> _Task item_: Any picture must be dropped, but each line of the data should be duplicated exactly.

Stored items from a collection

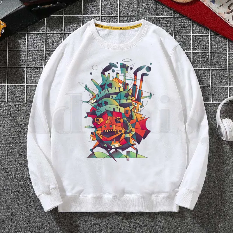 Толстовка мужская с круглым вырезом, милый свитшот с графическим пр...
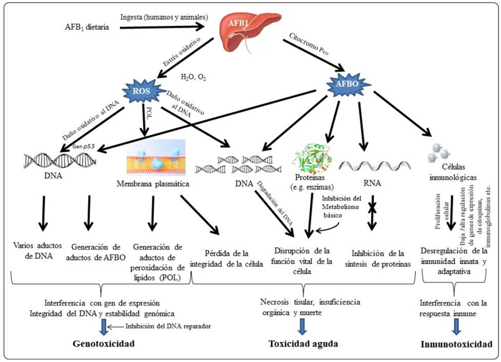 La Figura 3 resume los diferentes mecanismos de toxicidad de la AFB1 y cómo las especies reactivas de oxígeno (ROS) y el metabolito AFBO causan genotoxicidad, inmunotoxicidad e intoxicación aguda al actuar sobre el DNA genómico, así como la afectación a las macromoléculas funcionales y a las células inmunológicas como las inmunoglobulinas y las citocinas (proteínas que controlan el crecimiento y la actividad de las células del sistema inmunológico y de las células sanguíneas) (Benkerroum, 2020).
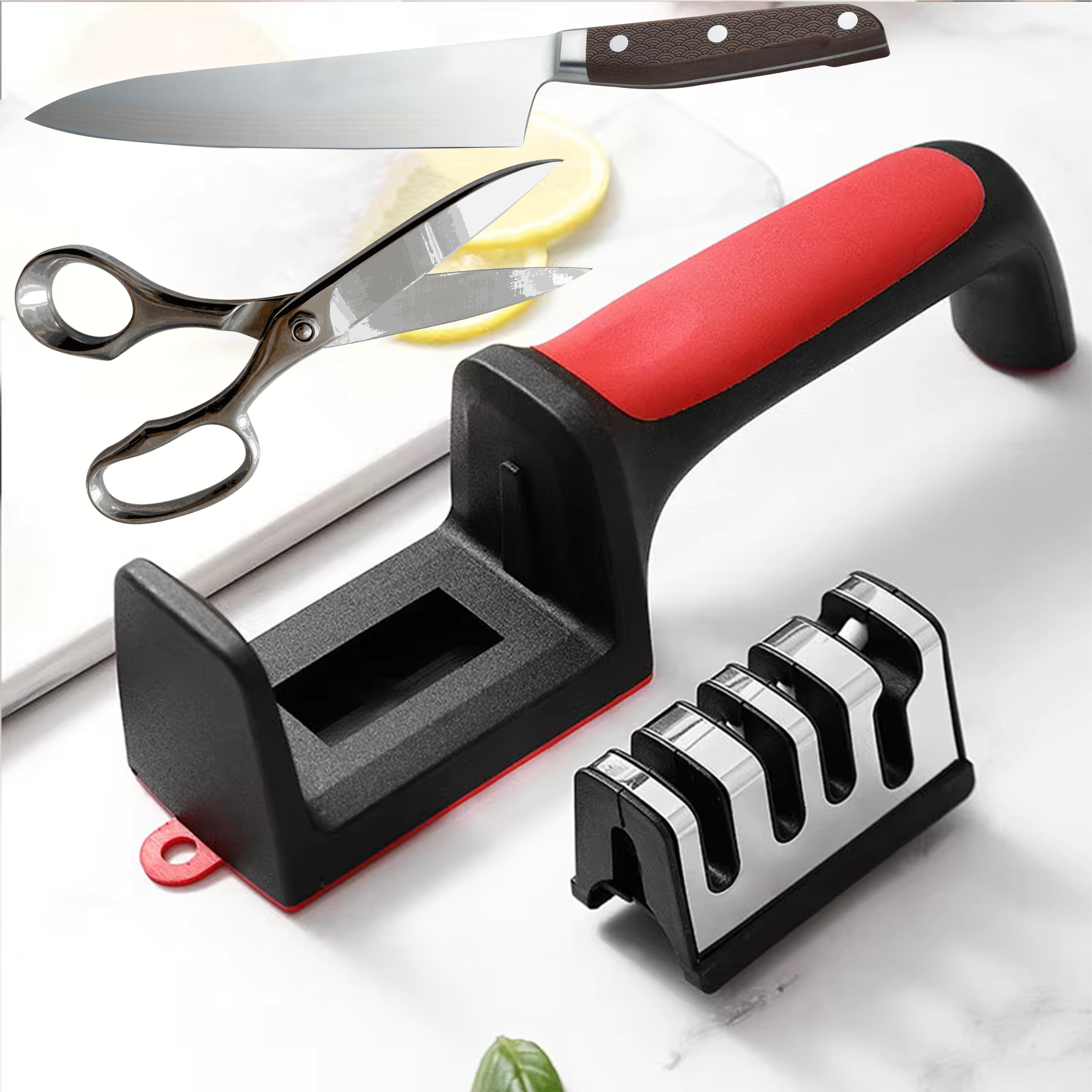 ТОЧИЛКА КУХОННИХ ДЛЯ НОЖИЦЬ, ТРИФАЗНЕ КОМПАКТНЕ КОЛЕСО 3-в-1
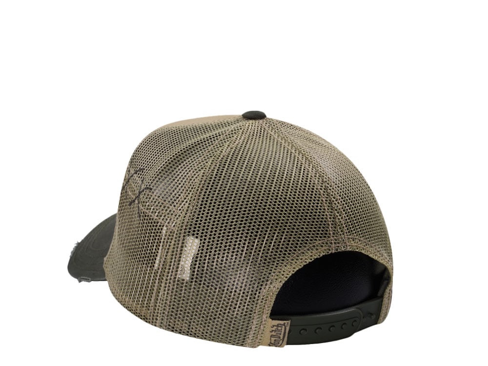 Von Dutch Oval Patch Beige Olive Trucker Snapback Cap
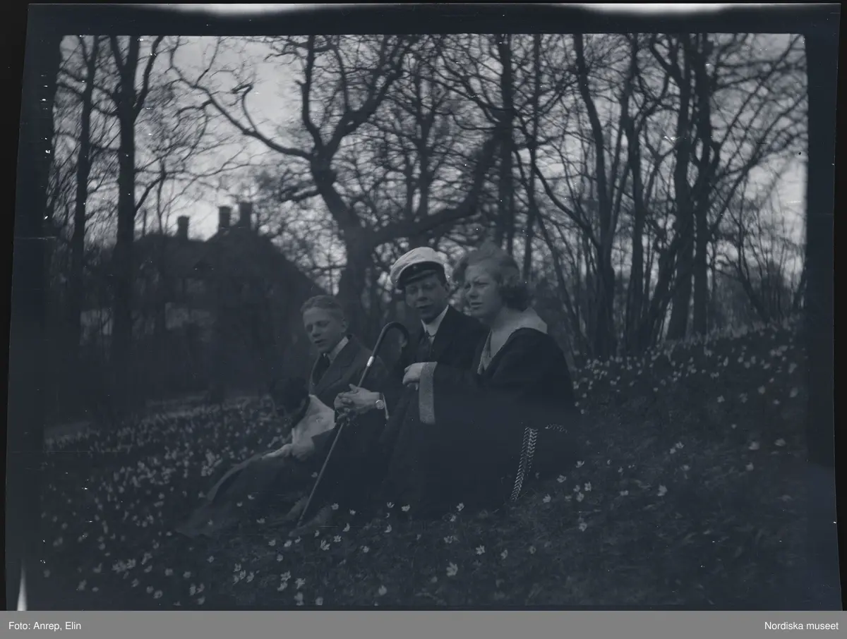 Tre av syskonen Morthensen sitter bland vitsippor på tomten till familjen Morthensens villa Solveden, Djursholm.
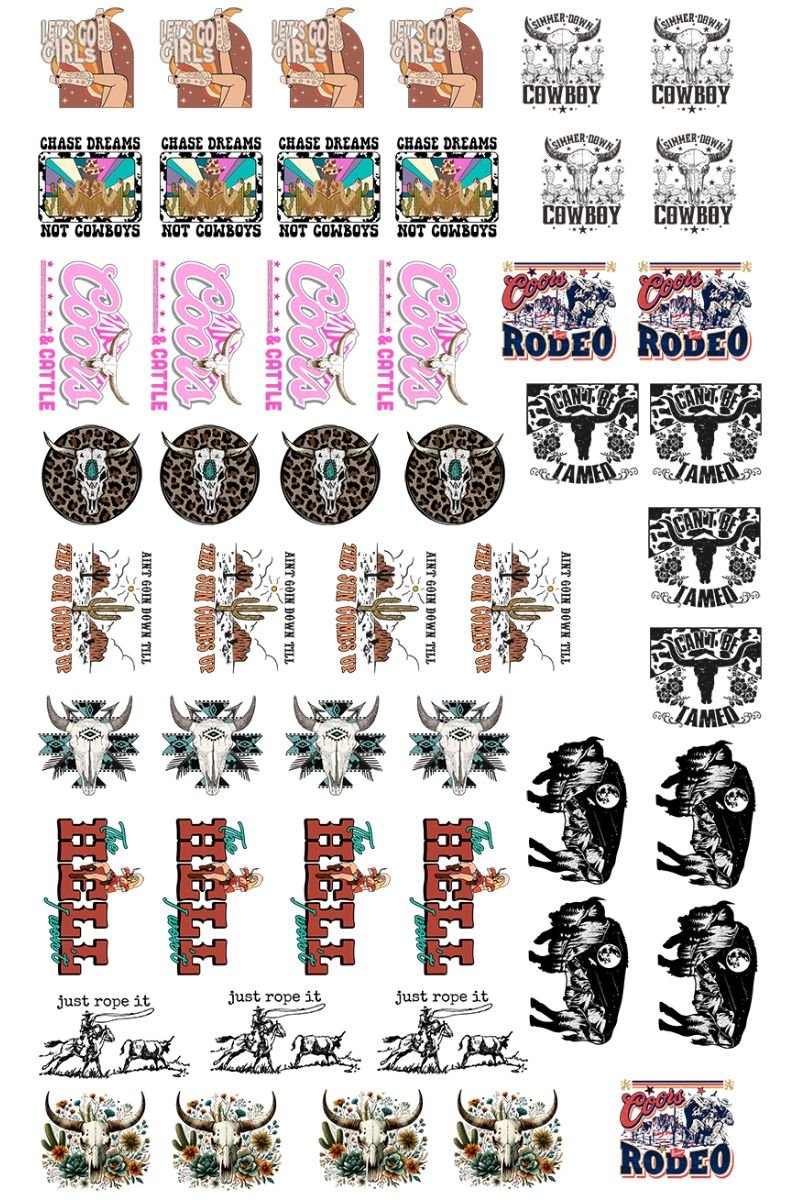 - Quantity of Designs on Gang Sheet Varies Depending on Size and Shape of Each Design
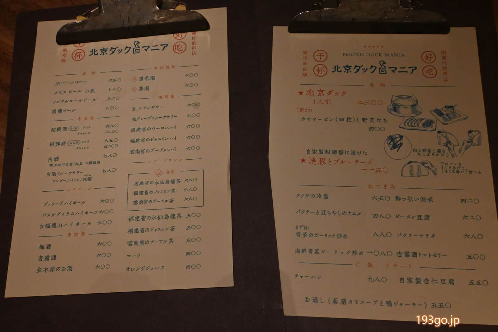 メニューは名物の北京ダックを始め、おつまみ、炒め物、ご飯もの、デザート。
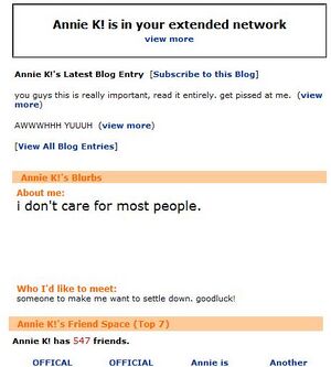 Annie K will only accept fansites or people she has met IRL on her myspace, so make a fake Annie K fansite or claim you met her somewhere around Amherst like some place in Nashua one night (google it) and you're in. Happy trolling.
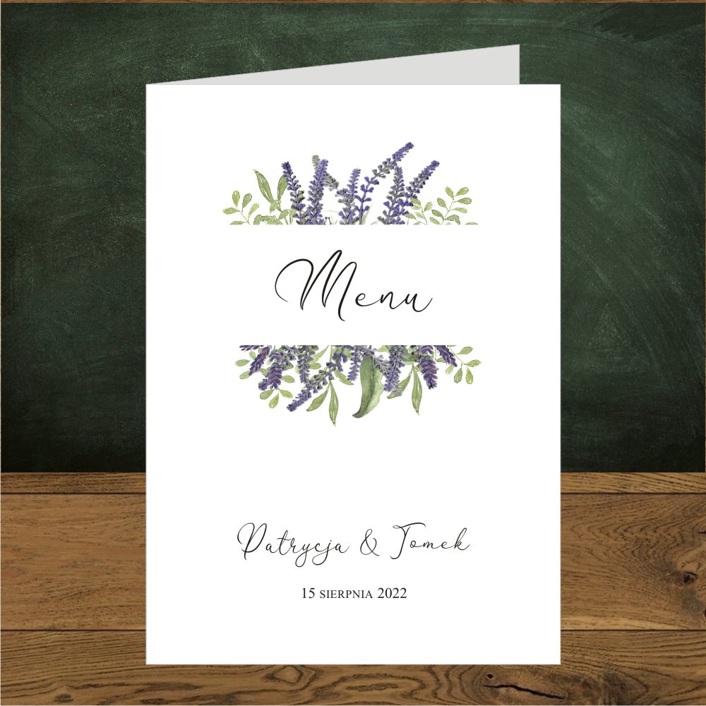 Menu na stół weselny otwierane. Lawendowy motyw w stylu boho lub rustykalnym.
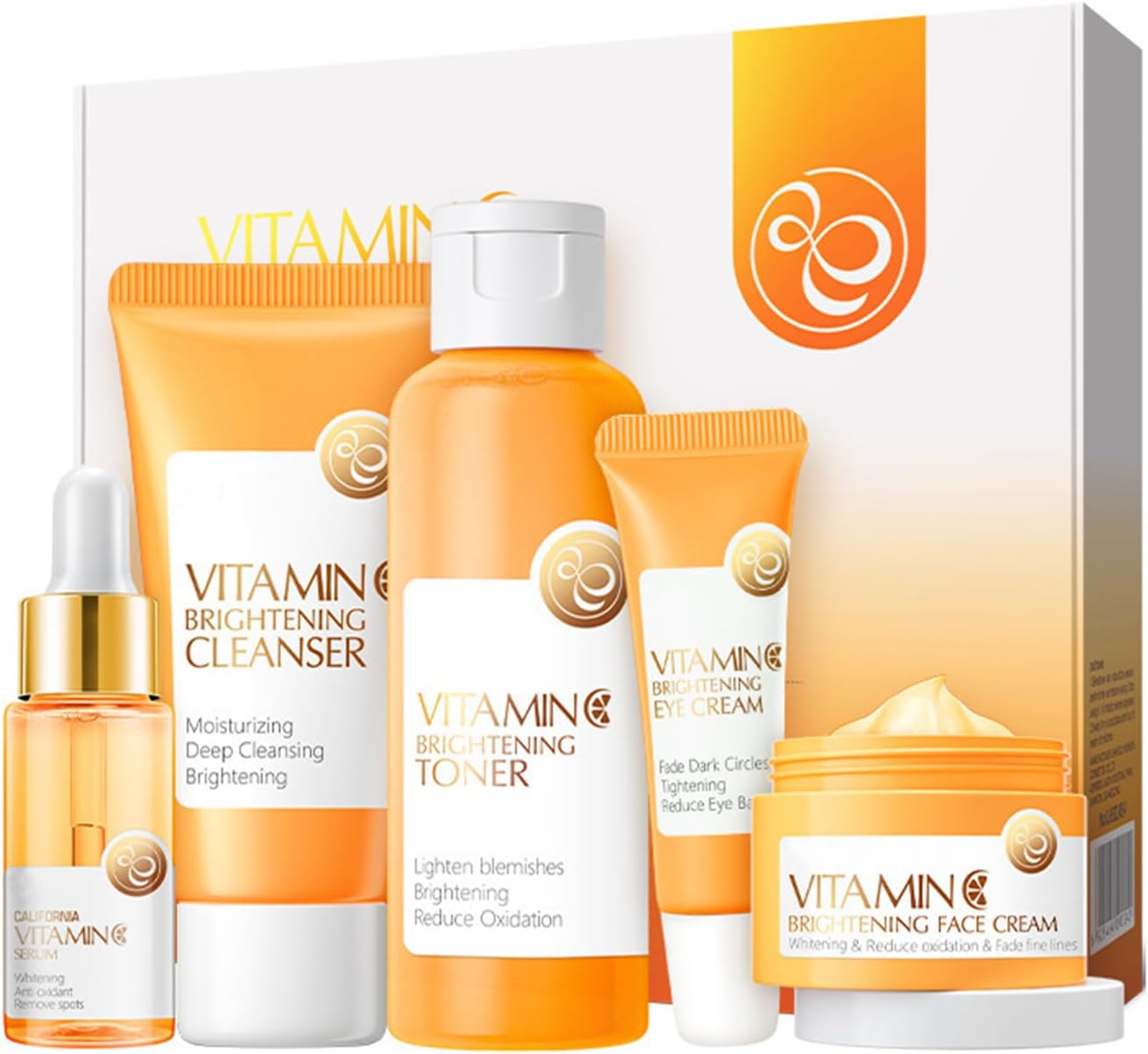 【Skin Care Sets & Kits】The 5 pack Vitamin C skincare set contains our cleanser, face serum, brightening toner,eye cream, essencecream The facial vitamin c essence skin care set can effectively improve dull and dry skin, reduce wrinkles, spots, acne marks, prevent pigmentation,shrink pores, and keep skin moist and shiny for a long time.
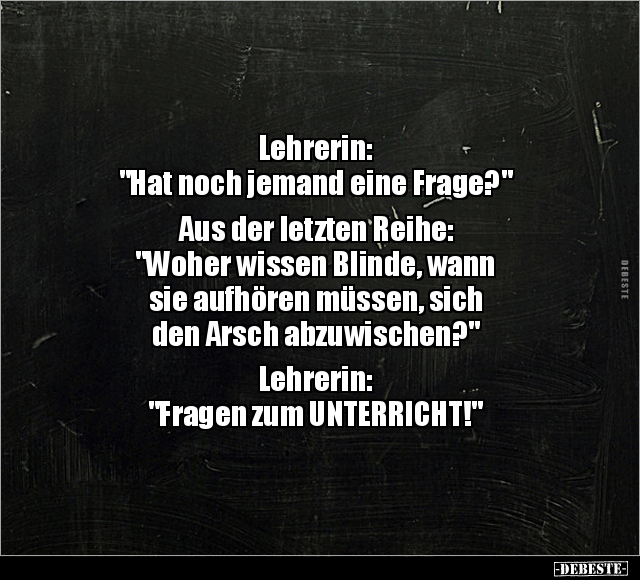 Lehrerin: "Hat noch jemand eine Frage?" Aus der letzten Reihe: "Woher wissen Blinde, wann sie aufhören müssen, sich den Arsch abzuwischen?" Lehrerin: "Fragen zum UNTERRICHT!"

> _Output for this task_:
 Толстовка мужская с круглым вырезом, милый свитшот с графическим пр...
 La Figura 3 resume los diferentes mecanismos de toxicidad de la AFB1 y cómo las especies reactivas de oxígeno (ROS) y el metabolito AFBO causan genotoxicidad, inmunotoxicidad e intoxicación aguda al actuar sobre el DNA genómico, así como la afectación a las macromoléculas funcionales y a las células inmunológicas como las inmunoglobulinas y las citocinas (proteínas que controlan el crecimiento y la actividad de las células del sistema inmunológico y de las células sanguíneas) (Benkerroum, 2020).
 ТОЧИЛКА КУХОННИХ ДЛЯ НОЖИЦЬ, ТРИФАЗНЕ КОМПАКТНЕ КОЛЕСО 3-в-1
 Von Dutch Oval Patch Beige Olive Trucker Snapback Cap
 Tre av syskonen Morthensen sitter bland vitsippor på tomten till familjen Morthensens villa Solveden, Djursholm.
 - Quantity of Designs on Gang Sheet Varies Depending on Size and Shape of Each Design
 メニューは名物の北京ダックを始め、おつまみ、炒め物、ご飯もの、デザート。
 Annie K will only accept fansites or people she has met IRL on her myspace, so make a fake Annie K fansite or claim you met her somewhere around Amherst like some place in Nashua one night (google it) and you're in. Happy trolling.
 Menu na stół weselny otwierane. Lawendowy motyw w stylu boho lub rustykalnym.
 【Skin Care Sets & Kits】The 5 pack Vitamin C skincare set contains our cleanser, face serum, brightening toner,eye cream, essencecream The facial vitamin c essence skin care set can effectively improve dull and dry skin, reduce wrinkles, spots, acne marks, prevent pigmentation,shrink pores, and keep skin moist and shiny for a long time.
 Lehrerin: "Hat noch jemand eine Frage?" Aus der letzten Reihe: "Woher wissen Blinde, wann sie aufhören müssen, sich den Arsch abzuwischen?" Lehrerin: "Fragen zum UNTERRICHT!"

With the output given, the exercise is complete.